L'aspiration à la réduction voire à l'abolition des privilèges des deux premiers ordres est omniprésente. Dans un contexte de disette et d'inflation du coût de la vie plus rapide que celle des salaires, supporter une fiscalité dont la noblesse et le clergé sont exemptés et devoir en outre continuer d'acquitter de vieux droit qui sont des survivances d'un vieux passé, devient insupportable.
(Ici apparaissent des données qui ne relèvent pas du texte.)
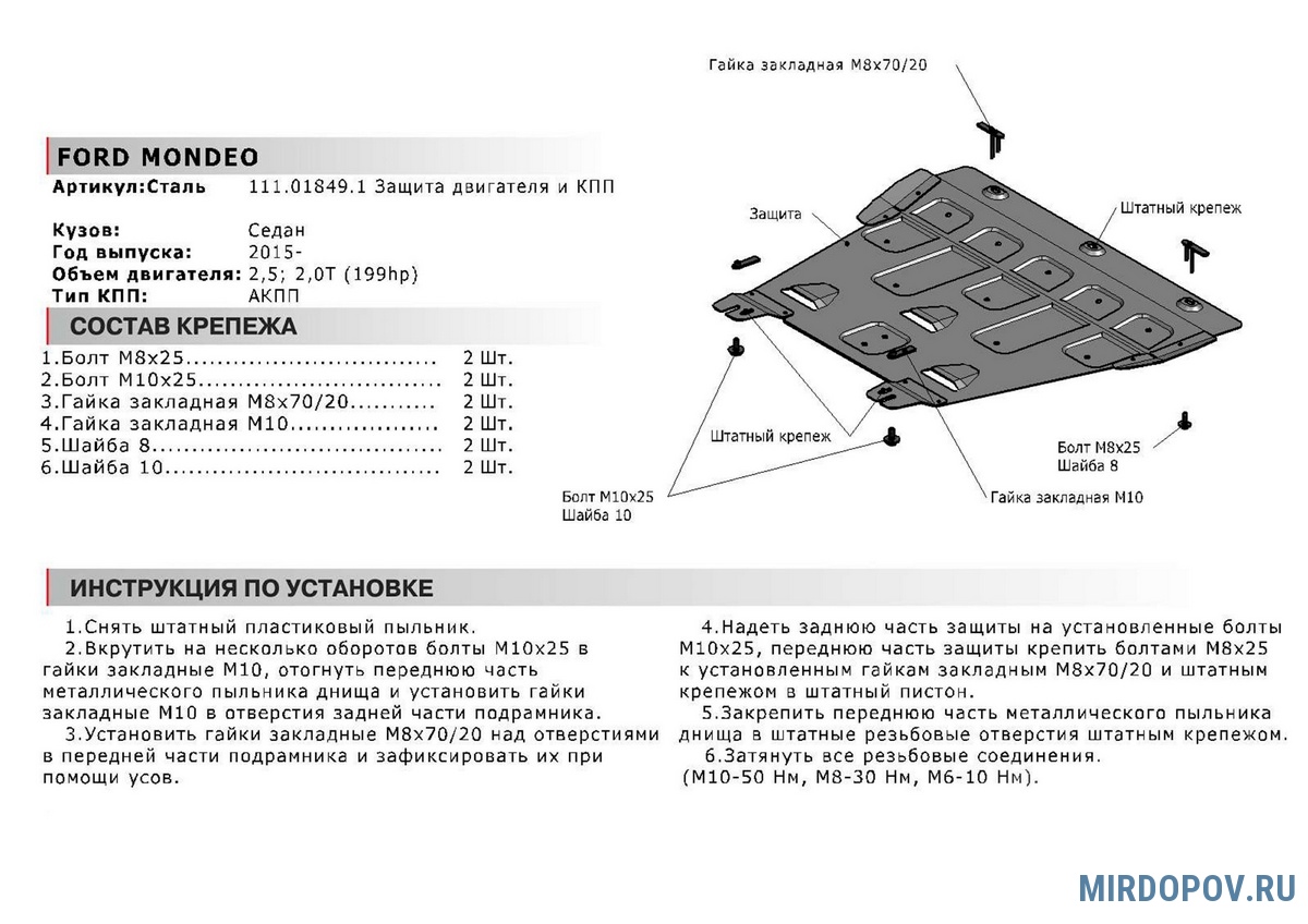 Защита картера и КПП (сталь) Автоброня для Ford Mondeo (2015-2019) № 111.01849.1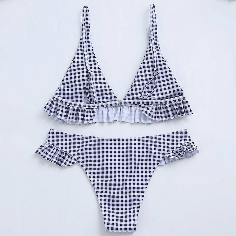 There's no denying that this is a beautiful, feminine bikini with a classic plaid pattern. With ruffles around the waist and cups, this bikini will accentuate any woman's curves. The bottom is a classic high-cut bikini, perfect for showing off your legs.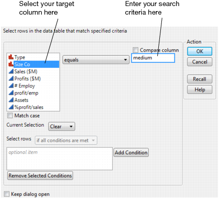 JMP selects all of the rows that have Size Co equal to medium. There are seven.

Même si elle était très réelle, je recontextualiserais tout de même la peur d'un retour des anciens propriétaires de biens nationaux acquis. Les biens nationaux d'Eglise ont surtout été acquis par des bourgeois, même s'il y a eu des "pools" ça et là qui se sont associés pour pouvoir enchérir et acquérir les grands lots de terres en lesquels les biens nationaux étaient en général découpés et offerts aux enchères.

C'est surtout la vente postérieure des biens des émigrés qui a été plus ouverte, notamment parce que les paysans ont su mieux se faire "entendre" des élites bourgeoises. Mais même là, ce ne sont pas les paysans qui ont eu la part majoritaire. Ils ne l'emportent en fait que dans les zones franchement éloignées des villes ou dans les zones pauvres.
Et ce sont loin d'être tous les paysans qui ont acquis des terres. Pour faire une acquisition dont on puisse vivre, encore faut-il avoir quelque épargne. Et aussi faut-il pouvoir se rendre en général dans le chef-lieu où se tiennent les ventes.